▶ [Problem to solve]: Please copy, word for word, the line holding "- Terasza és" and each line that follows it through the end of the entries, omitting any pictures.

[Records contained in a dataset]

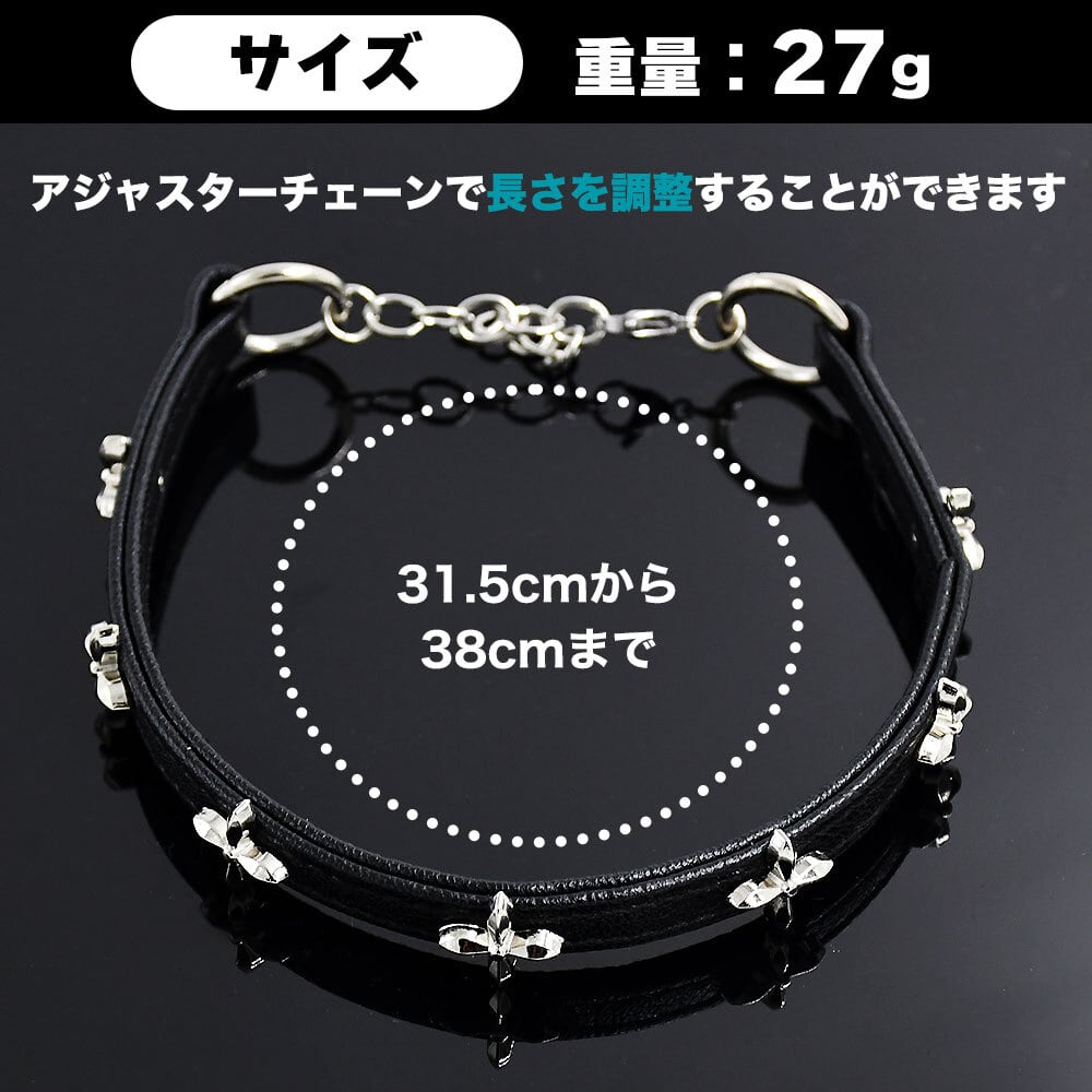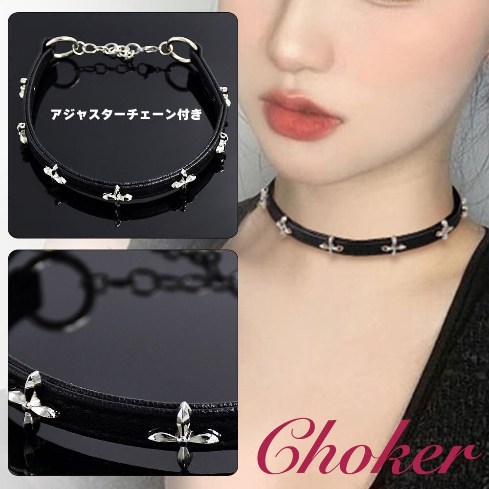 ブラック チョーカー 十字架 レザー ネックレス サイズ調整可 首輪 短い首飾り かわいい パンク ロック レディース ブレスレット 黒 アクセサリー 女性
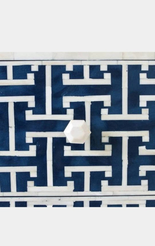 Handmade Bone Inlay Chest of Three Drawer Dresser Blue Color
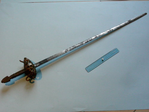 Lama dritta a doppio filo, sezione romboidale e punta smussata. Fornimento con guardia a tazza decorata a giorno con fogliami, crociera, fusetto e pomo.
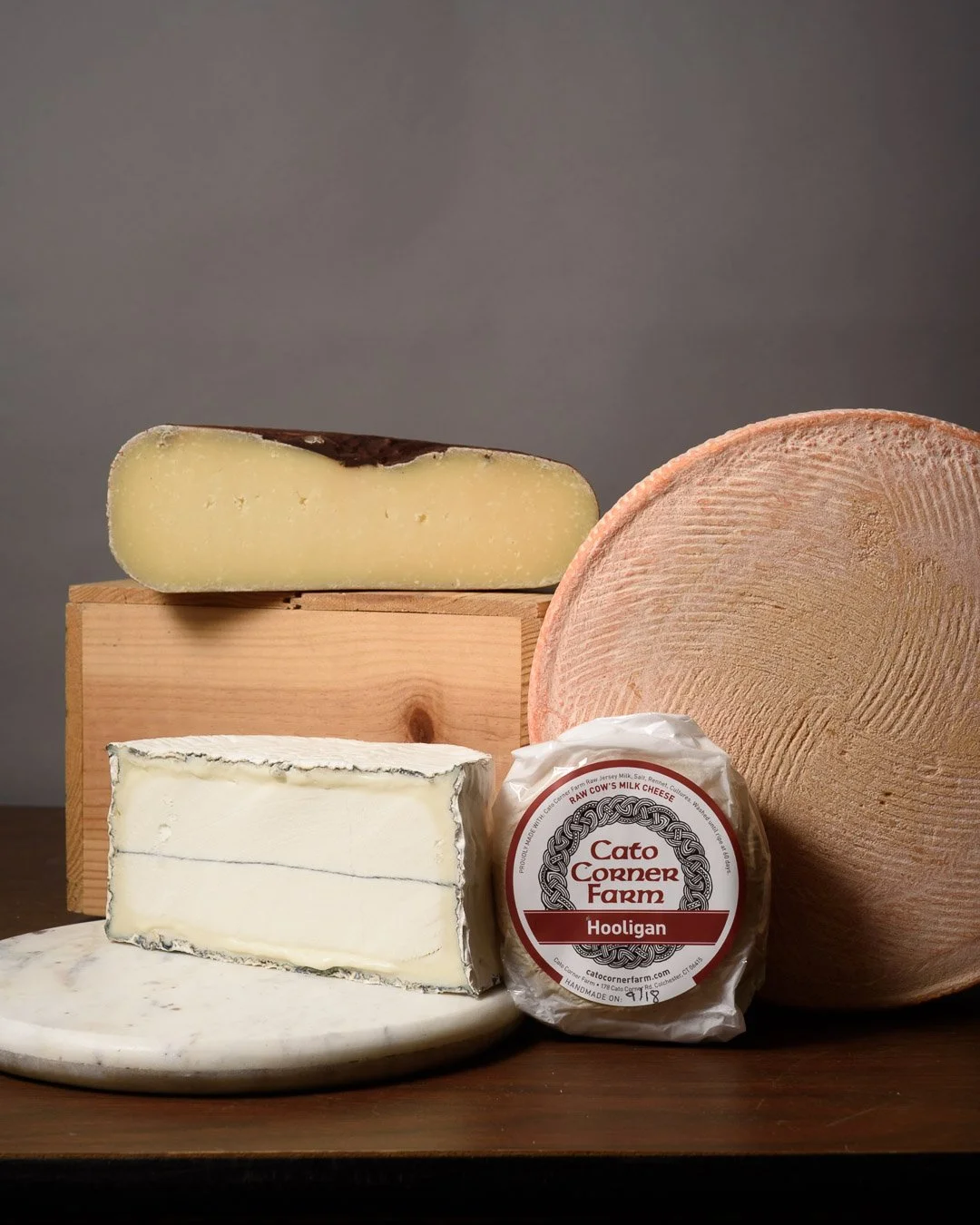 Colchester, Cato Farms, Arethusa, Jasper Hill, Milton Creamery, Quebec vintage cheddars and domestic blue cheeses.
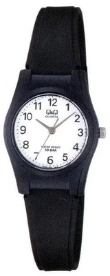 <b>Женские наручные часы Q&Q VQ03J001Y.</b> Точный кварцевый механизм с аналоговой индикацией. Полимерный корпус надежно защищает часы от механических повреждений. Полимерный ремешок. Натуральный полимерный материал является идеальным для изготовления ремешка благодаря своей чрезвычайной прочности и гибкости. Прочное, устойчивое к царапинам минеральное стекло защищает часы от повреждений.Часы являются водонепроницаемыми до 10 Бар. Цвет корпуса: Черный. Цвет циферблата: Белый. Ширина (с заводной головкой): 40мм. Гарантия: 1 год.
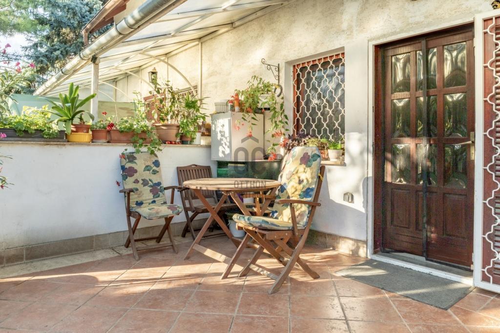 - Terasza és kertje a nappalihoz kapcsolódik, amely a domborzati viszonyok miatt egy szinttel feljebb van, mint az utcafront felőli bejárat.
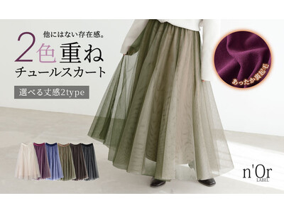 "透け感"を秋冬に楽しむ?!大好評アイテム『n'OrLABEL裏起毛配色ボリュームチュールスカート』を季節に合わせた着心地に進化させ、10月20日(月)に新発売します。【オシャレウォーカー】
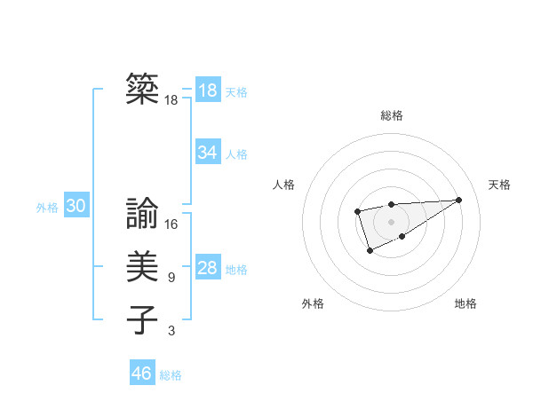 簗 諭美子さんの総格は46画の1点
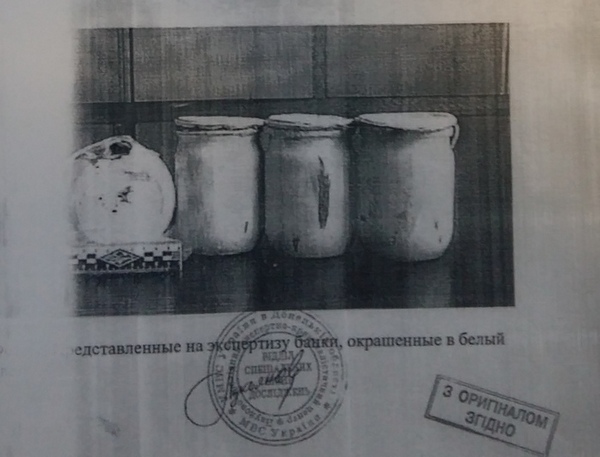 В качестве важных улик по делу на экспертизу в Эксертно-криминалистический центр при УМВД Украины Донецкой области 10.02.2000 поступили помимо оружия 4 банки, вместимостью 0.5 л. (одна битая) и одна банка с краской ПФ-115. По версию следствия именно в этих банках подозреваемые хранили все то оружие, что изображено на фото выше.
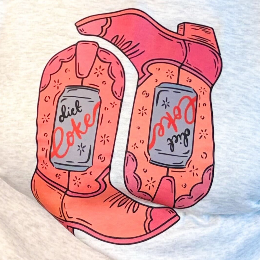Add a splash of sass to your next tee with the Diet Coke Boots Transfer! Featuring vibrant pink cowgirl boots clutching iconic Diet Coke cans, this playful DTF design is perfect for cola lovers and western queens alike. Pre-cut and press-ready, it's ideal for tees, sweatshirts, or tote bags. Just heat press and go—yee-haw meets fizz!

▶ [Result of this task]:
 - Terasza és kertje a nappalihoz kapcsolódik, amely a domborzati viszonyok miatt egy szinttel feljebb van, mint az utcafront felőli bejárat.
 "透け感"を秋冬に楽しむ?!大好評アイテム『n'OrLABEL裏起毛配色ボリュームチュールスカート』を季節に合わせた着心地に進化させ、10月20日(月)に新発売します。【オシャレウォーカー】
 簗 諭美子さんの総格は46画の1点
 В качестве важных улик по делу на экспертизу в Эксертно-криминалистический центр при УМВД Украины Донецкой области 10.02.2000 поступили помимо оружия 4 банки, вместимостью 0.5 л. (одна битая) и одна банка с краской ПФ-115. По версию следствия именно в этих банках подозреваемые хранили все то оружие, что изображено на фото выше.
Add a splash of sass to your next tee with the Diet Coke Boots Transfer! Featuring vibrant pink cowgirl boots clutching iconic Diet Coke cans, this playful DTF design is perfect for cola lovers and western queens alike. Pre-cut and press-ready, it's ideal for tees, sweatshirts, or tote bags. Just heat press and go—yee-haw meets fizz!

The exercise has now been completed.